* Supplied information:
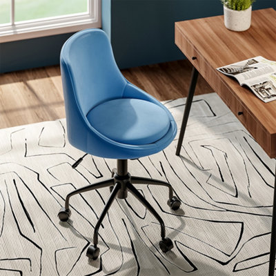 Livingandhome Blue Velvet Swivel Adjustable Height Home Ergonomic
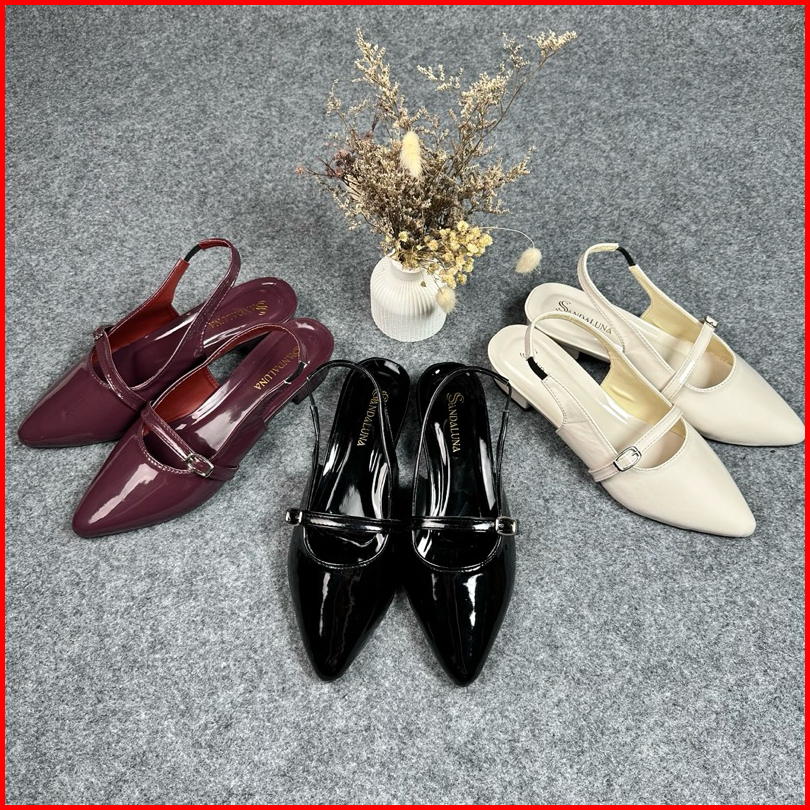 Sandaluna - Sepatu Heels Wanita 3 Cm Elegan Kekinian Terbaru Hak Tahu Sandal Mules Tali Gesper
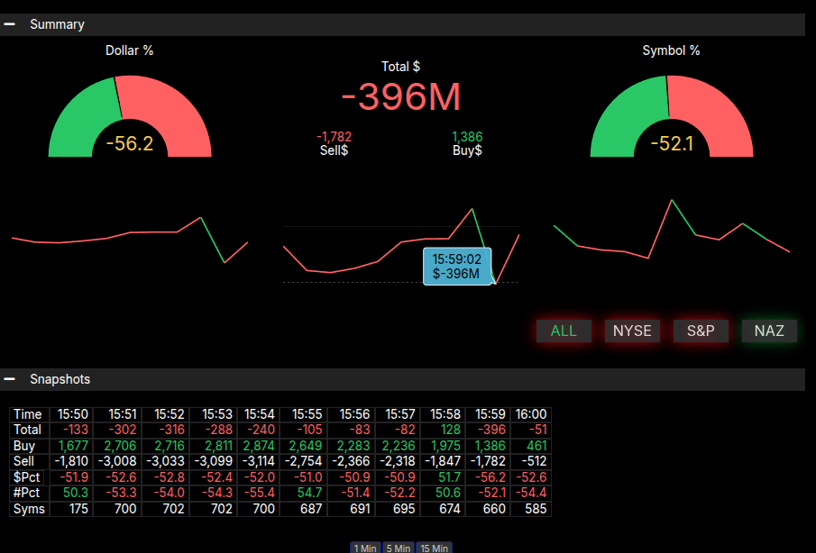 MOC Sell was reported at $338M, which David jokingly referred to as “Mice Nutz” — indicating minimal significance.
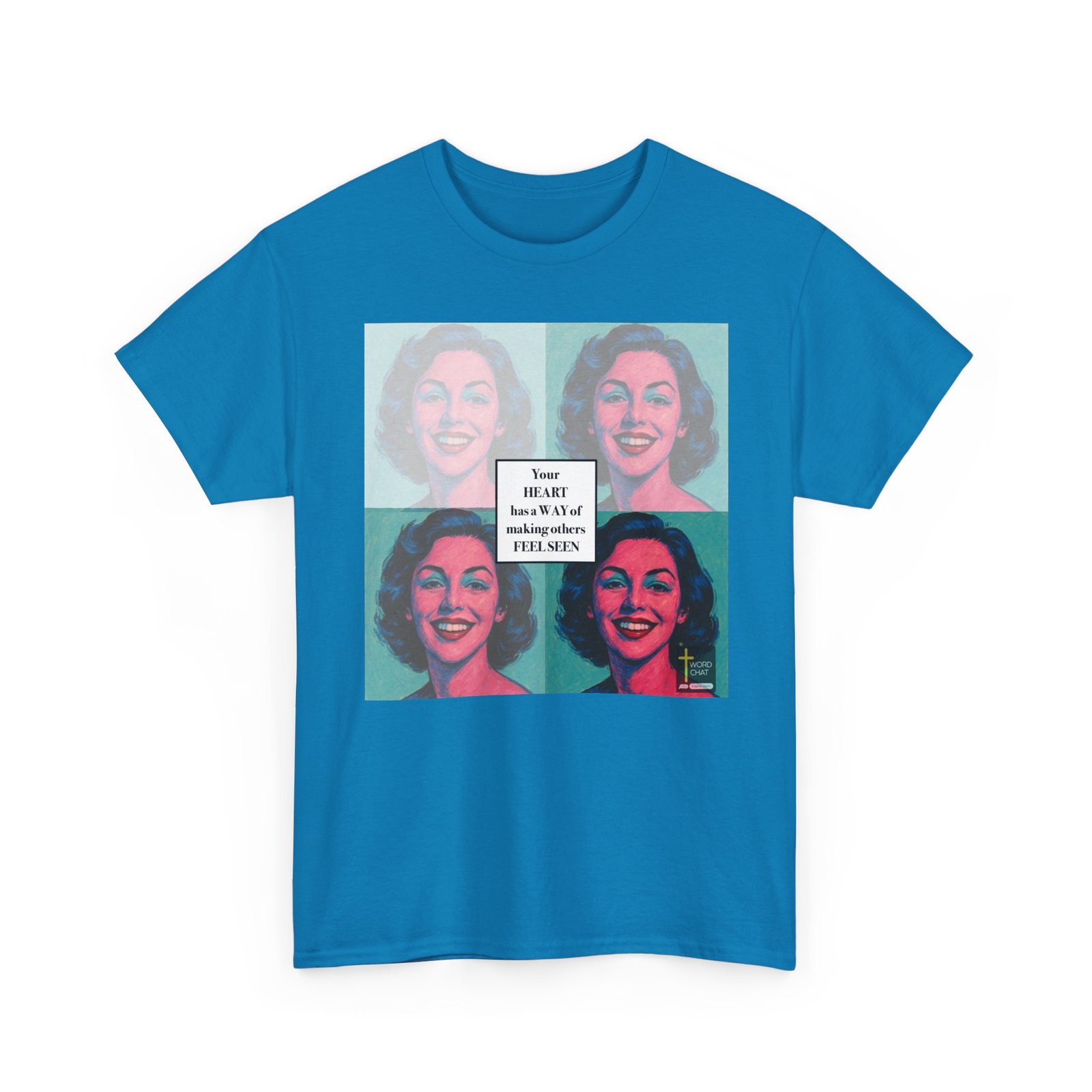 This image features a pop art-style portrait displayed in a four-panel grid layout, reminiscent of Andy Warhol’s iconic silkscreen printing technique. Each panel presents the same woman’s face with varying color combinations of vibrant pinks, teals, blues, and earth tones against different pastel backgrounds. The portrait showcases bold, simplified features with bright pink skin tones, defined facial features, and styled wavy hair characteristic of mid-20th century aesthetics. A centered white text box overlays the composition with the inspirational message “Your HEART has a WAY of making others FEEL SEEN,” promoting emotional connection and empathy. The image includes a WordChat logo with a cross symbol in the bottom right corner, identifying it as motivational content designed to inspire and uplift viewers.

* Required action: Starting at the line that holds "MOC Sell was", retype every line through the end of the data, both ends included. Pictures stay out of the copy.

* Reply:
 MOC Sell was reported at $338M, which David jokingly referred to as “Mice Nutz” — indicating minimal significance.
 This image features a pop art-style portrait displayed in a four-panel grid layout, reminiscent of Andy Warhol’s iconic silkscreen printing technique. Each panel presents the same woman’s face with varying color combinations of vibrant pinks, teals, blues, and earth tones against different pastel backgrounds. The portrait showcases bold, simplified features with bright pink skin tones, defined facial features, and styled wavy hair characteristic of mid-20th century aesthetics. A centered white text box overlays the composition with the inspirational message “Your HEART has a WAY of making others FEEL SEEN,” promoting emotional connection and empathy. The image includes a WordChat logo with a cross symbol in the bottom right corner, identifying it as motivational content designed to inspire and uplift viewers.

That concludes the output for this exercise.